If you can give me an ICAO address + a timestamp for a flight you think should have been tracked, I can take a look at what we heard.

DF18 is the “non-transponder” message type, i.e. “there is no full Mode S transponder here, don’t interrogate me”. While TIS-B/ADS-R is indeed DF18, it’s not the only DF18 traffic and the message formats do distinguish TIS-B from directly-transmitted messages. I would expect a correctly-formed message from a SkyEcho to turn up as ADS-B, not TIS-B, in SkyAware.

(outside the US – i.e. where there’s no TIS-B / ADS-R – most DF18 traffic will be ground vehicles, balloons, and things like the SkyEcho. Maybe the occasional fixed obstacle, though I think those more commonly turn up on DF17 for some reason)

Thanks obj for confirming that.

Being in the US, I have only received the SkyEcho devices through the PlanePlotter network received in the UK. Those were classified as the rather generic DF18 group on that network. When they first appeared we were lucky enough to have a hot air balloon instructor pilot that owned one and did some testing for us. Interesting devices.

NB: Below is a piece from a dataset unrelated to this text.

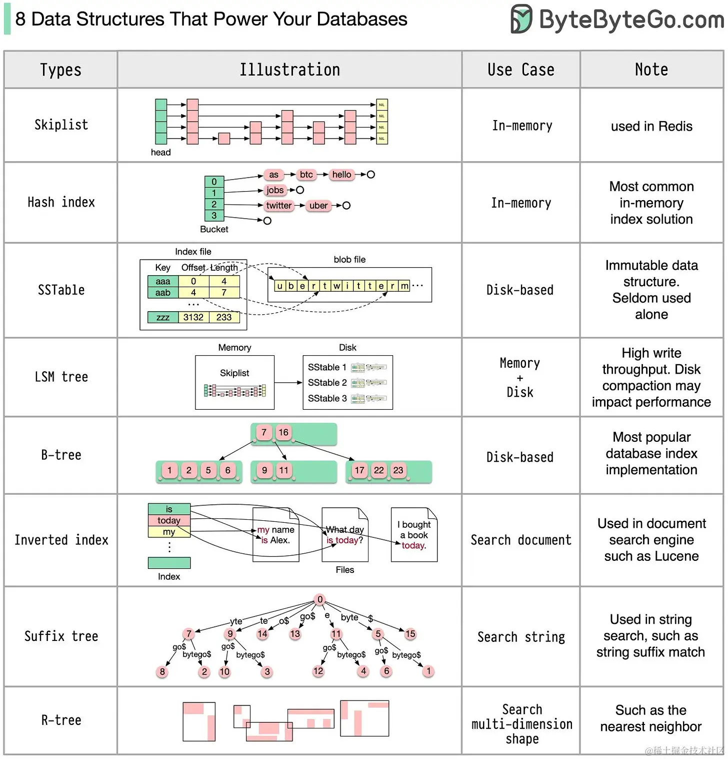 SSTable (Sorted String Table):一种持久化到磁盘的有序键值对集合,常用于NoSQL数据库的数据文件格式。

No, these units are independent of the aircraft. They are completely standalone and work out of the box. There’s no external connectors or antenna other than a USB-C charging cable.
Installation involves me putting the transceiver in my pocket. In reality I have it mounted on the aircraft cowling.
And it’s more likely that we’re going to be seeing a lot more ads-b traffic in the future like this.
As an example I will be taking this unit with me in another aircraft, a paraglider. It’s only a matter of time before this becomes a trend, normal behaviour or expected or regulated.

In terms of confirming it is working, the expectation is of course that you turn it on and it works. It only has one button, power on. So once it is configured, it can be left to just report. It does have ads-b in functionality. So apart from the three Green LED’s there is very little indication that it’s operational. If it doesn’t show up on any flight reporting, you might be suspicious it’s not working. I have other ways to confirm the operation, but you can understand why it’s not obvious if the units are working correctly or if at all.

Thanks guys,
It’s a bit of a learning curve for me because I’m coming it on the ground floor for the ads-b protocol and working my way up from layer1.
Some of these thoughts like; assuming both the transmitter and the ground stations are both working, why are flights not being displayed?
Air speed, altitude, configuration settings. I have tested these and got either no answer or no consistent answer. It’s not just my unit, it’s quite a few other units too.
When they have reported the results are inconsistent. In the past some units have worked fine but now don’t report. For weeks we’ve been trying to work out why and then suddenly there are some reports but then none again. One unit has reported on the ground to my flightaware receiver, but then never again. It’s flow in a ga aircraft at +100knts past several FA ground stations and no reporting. My own unit, reported a very accurate ground track past one airport but since has be a bit invisible. It’s never reported via a FA receiver.

With such consistent inconsistent results the question had to be asked, How much other traffic is missing? This is something I can test and actually answer.

It turns out from the few observations that I have made, a lot of real ads-b traffic is missing.
Using the ads-b in function I watched some air traffic moving from some local airports. Each of these has several FA receivers within range. It appears that it’s not just Skyecho2 units, (I exaggerate) it’s almost everybody that doesn’t burn avtur.
As you might imagine, we don’t really care who’s in class A airspace. We want to see all the little guys in class E and G airspace.

I haven’t worked out how to log into my FA receiver yet. (login/pw) It would be very helpful to be able to look at the raw packets and confirm they are being heard and decoded. I have a weird skillset. A lot of RF and comms experince, but also seeing things for the first time.
(thanks MC130E - just trying to get to the shell command line first before I can poke the box.)

I don’t have any flight times I can remember at the moment.
I can provide the ICAO and of course just take it for another flight and make careful note of the time.